> HOW TO COMPLETE THIS TASK: Pull out every line from the line containing "The certificate and" through the end of the material, both ends included, and reproduce it exactly. Keep pictures out.

[RECORDS FOR PROCESSING Boundary: Start]

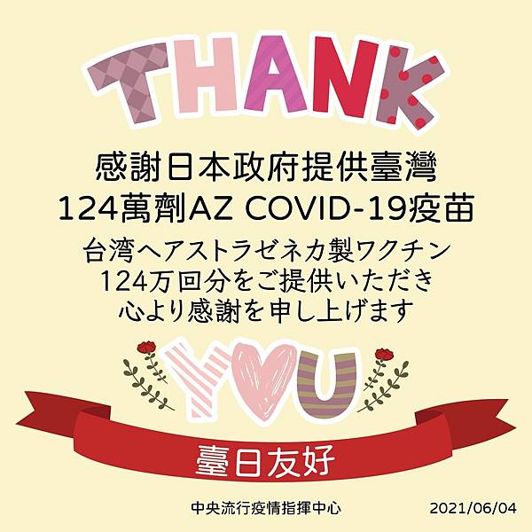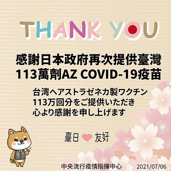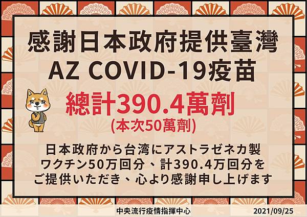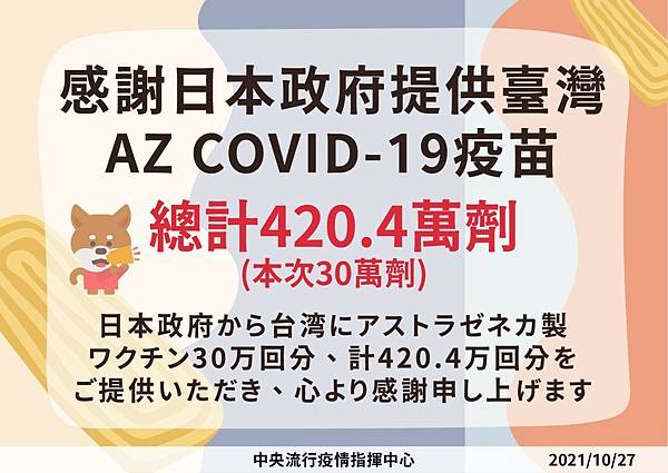 再加上先前的兩批, 日本已經援台超過330萬劑的AZ疫苗了, 實在是非常感謝!!
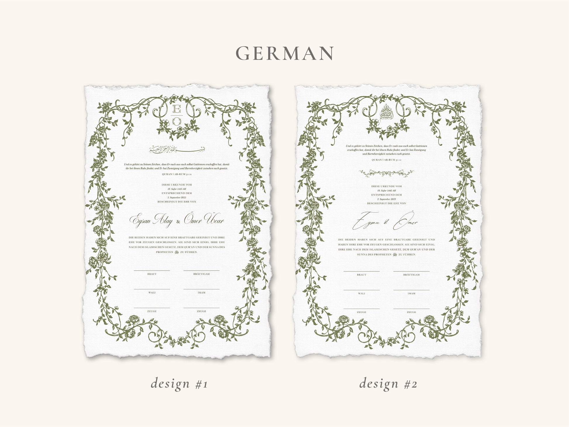 The certificate and folio are provided in DIN A4 size. For DIN A3 certificates, please view our collection “A3 Nikkah Certificates” on our website.
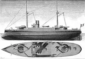 Франко-прусская война 1870—1871 года стала хорошим уроком для французского флота. Строившийся из расчета на ведение войны в открытом море против Великобритании, французский флот не учел специфичных требований к действиям на мелководьях германского побережья и как следствие — всю войну оставался в бездействии, ограничиваясь поддержанием блокады немецких портов.
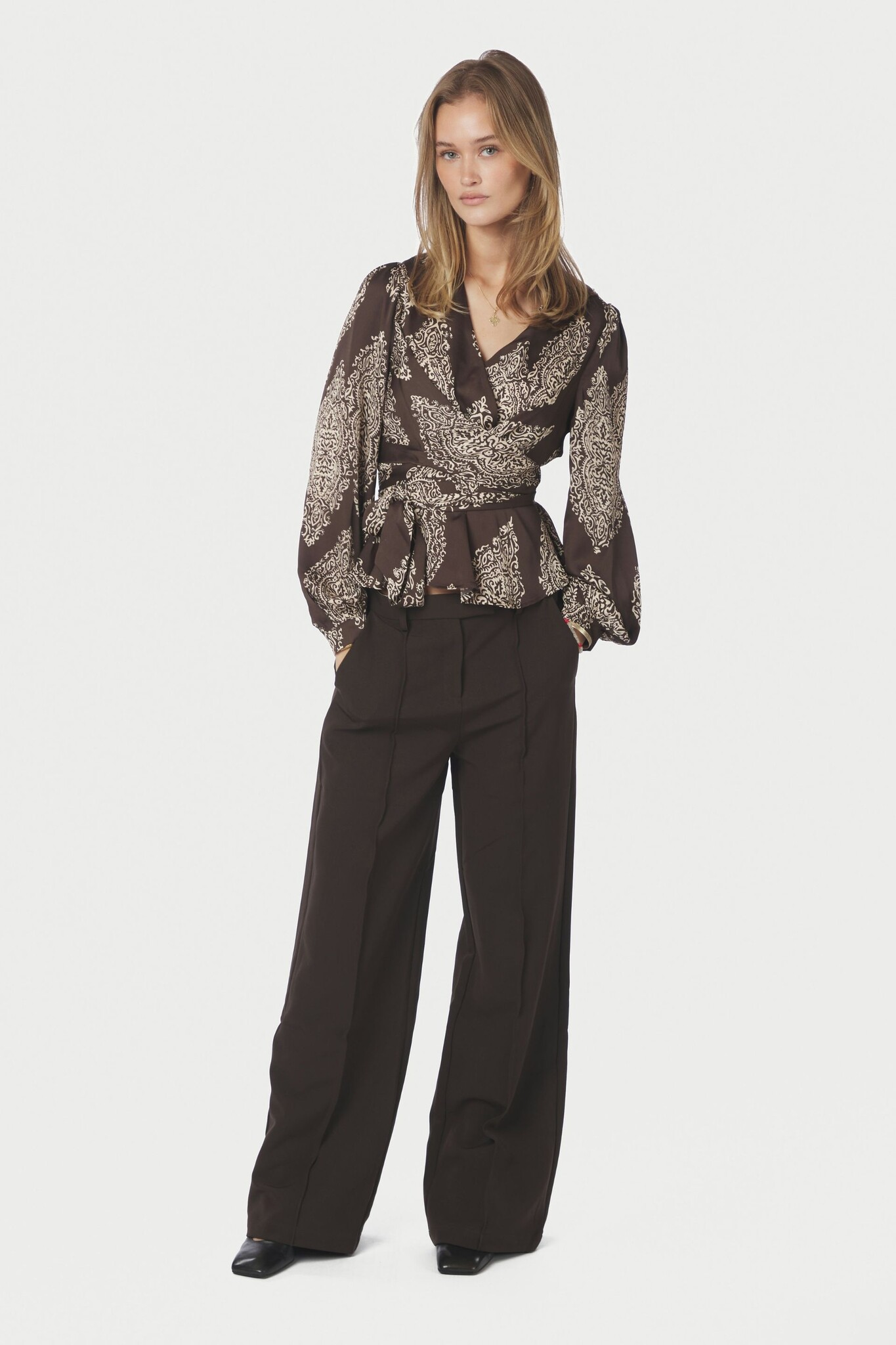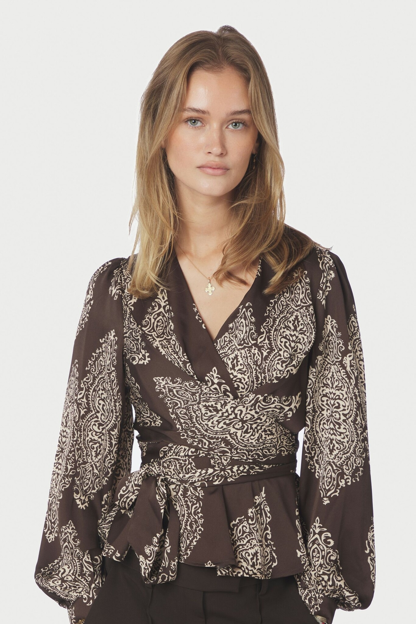 De Neo Noir Rista Paisley Drop Blouse in Dark Brown is een prachtige, vrouwelijke top met een verfijnde paisleyprint in contrastrijke zandtinten. Dit model heeft een flatterende overslagvulling met een V-hals en een elegant strikceintuur in de taille om het vrouwelijke silhouet te accentueren. De lange ballonmouwen en de licht uitlopende roezelrand aan de onderzijde geven de blouse een romantische en luxe uitstraling.
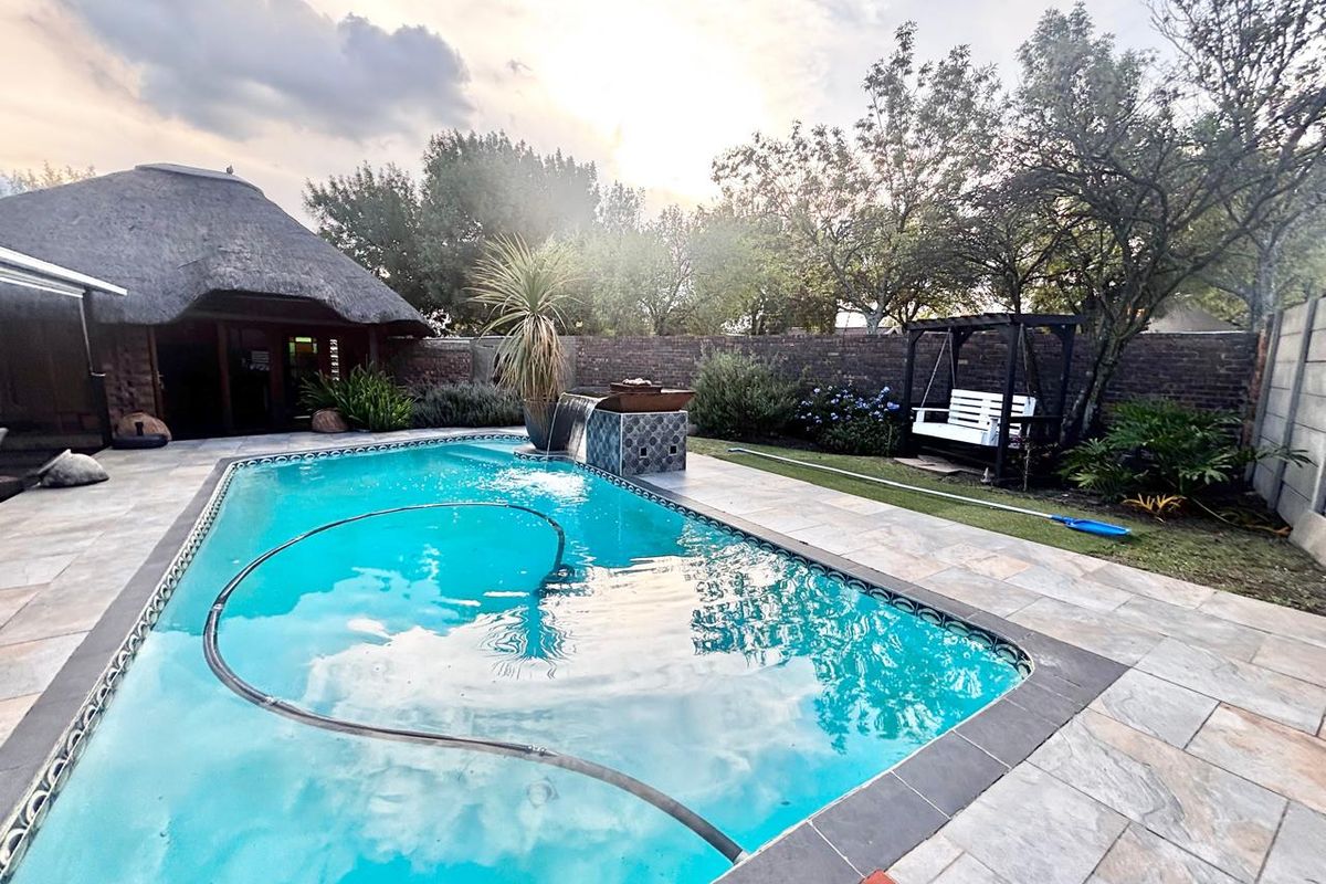 Outdoor entertainment is well catered for with a lapa featuring a built-in braai, a swimming pool, and a fully functional koi pond, creating a relaxing environment for family gatherings and entertaining guests.
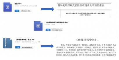 這些可疑文件有的是模仿政府工作文件命名的表格如“基層黨組織和黨員防空疫情重大事項(xiàng)日?qǐng)?bào)表”,并且打著“防疫”的口號(hào)或“中醫(yī)藥秘方”為標(biāo)題的內(nèi)容。據(jù)微步在線的技術(shù)人員稱(chēng),這些都是網(wǎng)絡(luò)攻擊的誘餌文件。

[RECORDS FOR PROCESSING Boundary: End]

> WRITTEN RESPONSE:
 The certificate and folio are provided in DIN A4 size. For DIN A3 certificates, please view our collection “A3 Nikkah Certificates” on our website.
 Франко-прусская война 1870—1871 года стала хорошим уроком для французского флота. Строившийся из расчета на ведение войны в открытом море против Великобритании, французский флот не учел специфичных требований к действиям на мелководьях германского побережья и как следствие — всю войну оставался в бездействии, ограничиваясь поддержанием блокады немецких портов.
 De Neo Noir Rista Paisley Drop Blouse in Dark Brown is een prachtige, vrouwelijke top met een verfijnde paisleyprint in contrastrijke zandtinten. Dit model heeft een flatterende overslagvulling met een V-hals en een elegant strikceintuur in de taille om het vrouwelijke silhouet te accentueren. De lange ballonmouwen en de licht uitlopende roezelrand aan de onderzijde geven de blouse een romantische en luxe uitstraling.
 Outdoor entertainment is well catered for with a lapa featuring a built-in braai, a swimming pool, and a fully functional koi pond, creating a relaxing environment for family gatherings and entertaining guests.
 這些可疑文件有的是模仿政府工作文件命名的表格如“基層黨組織和黨員防空疫情重大事項(xiàng)日?qǐng)?bào)表”,并且打著“防疫”的口號(hào)或“中醫(yī)藥秘方”為標(biāo)題的內(nèi)容。據(jù)微步在線的技術(shù)人員稱(chēng),這些都是網(wǎng)絡(luò)攻擊的誘餌文件。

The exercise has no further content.